In the cells below, load the saved PEFT model weights and evaluate the performance of the trained PEFT model. Be sure to compare the results to the results from prior to fine-tuning.

In [25]:
# Load the fine-tuned AutoPeftModelForSequenceClassification model for inference
# save_path = "./data/lora-finetuned-sentiment-analysis" # (already defined above)
# Load the fine-tuned model for inference
from transformers import pipeline, AutoModelForSequenceClassification, AutoTokenizer
from peft import PeftModel, PeftConfig

loaded_lora_model = AutoModelForSequenceClassification.from_pretrained(
    save_path,
    num_labels=2,
    id2label=id2label,
    label2id=label2id
)

tokenizer = AutoTokenizer.from_pretrained(save_path)

new_clfr = pipeline("sentiment-analysis", model=loaded_lora_model, tokenizer=tokenizer)

for prompt in check_df['text'].tolist():
    print(new_clfr(prompt, truncation=True, max_length=512))
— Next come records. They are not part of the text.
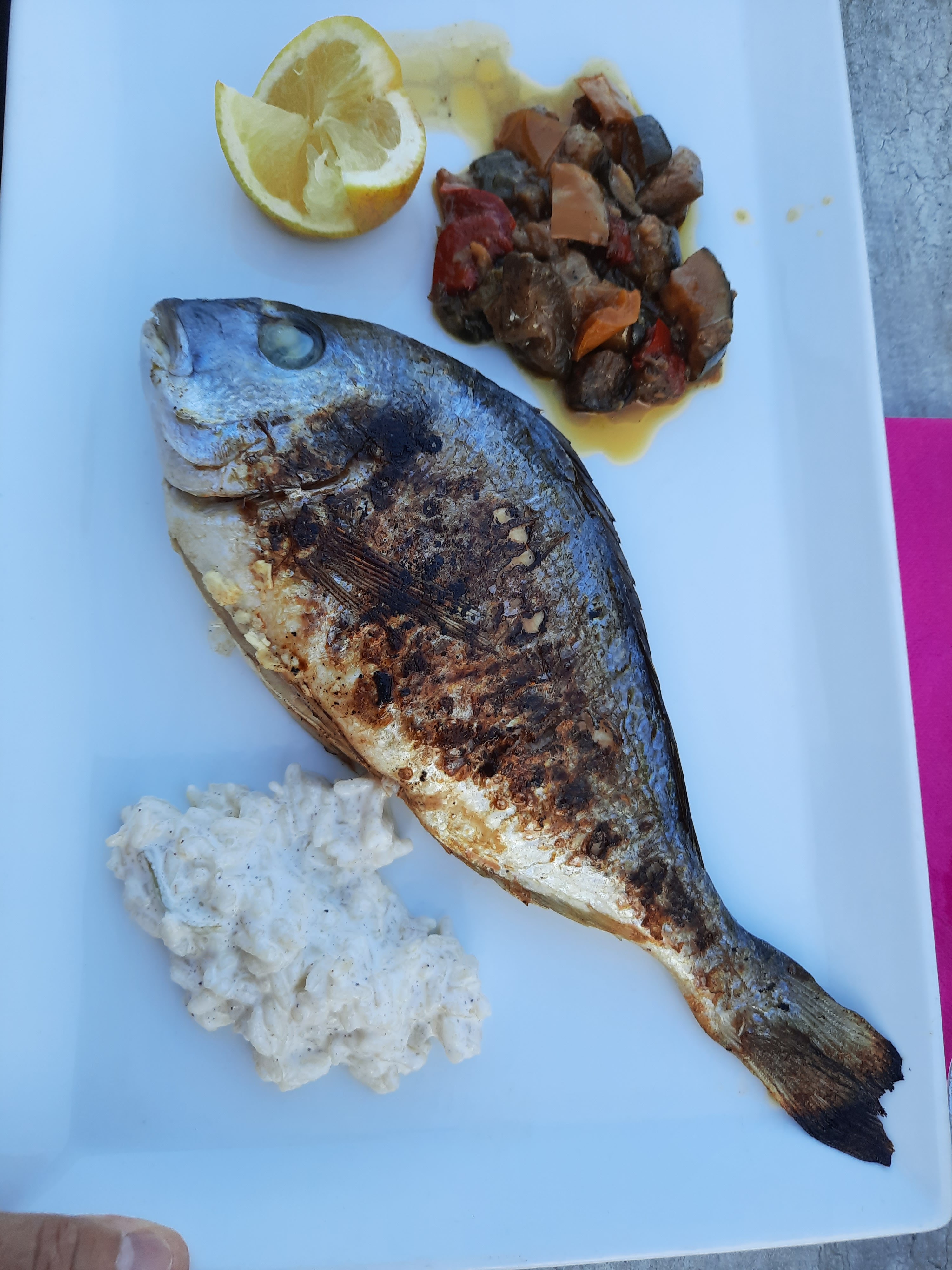 Malgré la présence du patron (je pense que c’était le patron..) très sympathique, commerçant et à l’écoute, j’ai été déçue par la nourriture. J’avais pris des calamars mais je pensais qu’ils allaient être coupés et sautés ..( cf photo). Mon mari lui s’est régalé par contre. Sinon le cadre est agréable avec vu sur plage.
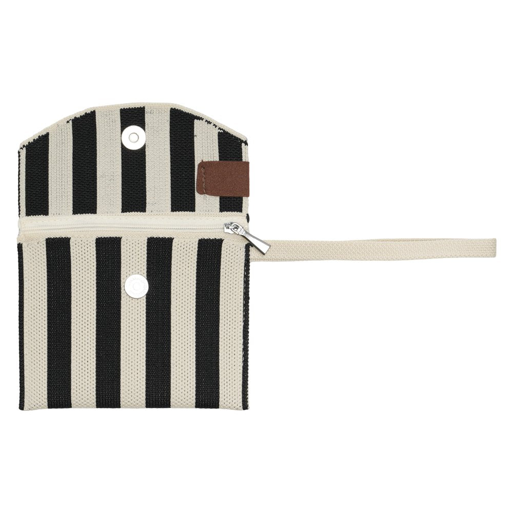Das Portemonnaie ist aus einem strapazierfähigen Gewebe mit modernem Streifenmuster in Schwarz und Cremeweiß. Es wird mit Reißverschluss und Magnetknopf geschlossen und hat einen praktischen Henkel, an dem es z.B. in der Handtasche oder am Schlüsselbund befestigt werden kann.
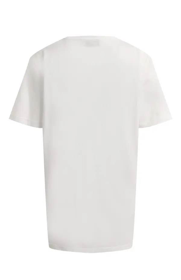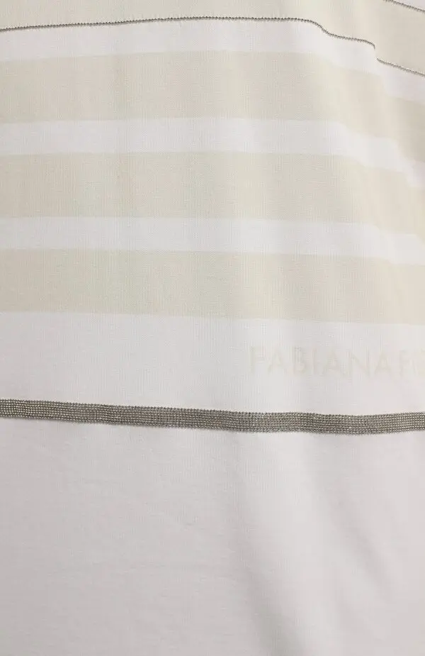 Футболка Fabiana Filippi выполнена из мягкого, дышащего хлопка премиального качества. Минималистичный дизайн украшен деликатным принтом в виде горизонтальных полос в нейтральных оттенках — фирменный приём бренда, подчеркивающий утончённость и гармонию линий. Прямой крой обеспечивает комфорт и свободу движений.

Some weights of BertForSequenceClassification were not initialized from the model checkpoint at bert-base-uncased and are newly initialized: ['classifier.bias', 'classifier.weight']
You should probably TRAIN this model on a down-stream task to be able to use it for predictions and inference.
Device set to use cpu


[{'label': 'POSITIVE', 'score': 0.5392293334007263}]
[{'label': 'POSITIVE', 'score': 0.5339582562446594}]
[{'label': 'POSITIVE', 'score': 0.5598429441452026}]
[{'label': 'POSITIVE', 'score': 0.5076249837875366}]
[{'label': 'POSITIVE', 'score': 0.5189483165740967}]
[{'label': 'POSITIVE', 'score': 0.5159575939178467}]
[{'label': 'POSITIVE', 'score': 0.5249590873718262}]
[{'label': 'NEGATIVE', 'score': 0.5063350200653076}]


## Conclusion

The fine-tuned model does a better job in the area of finance related topics as the additional training
dataset added more infomation to the original model.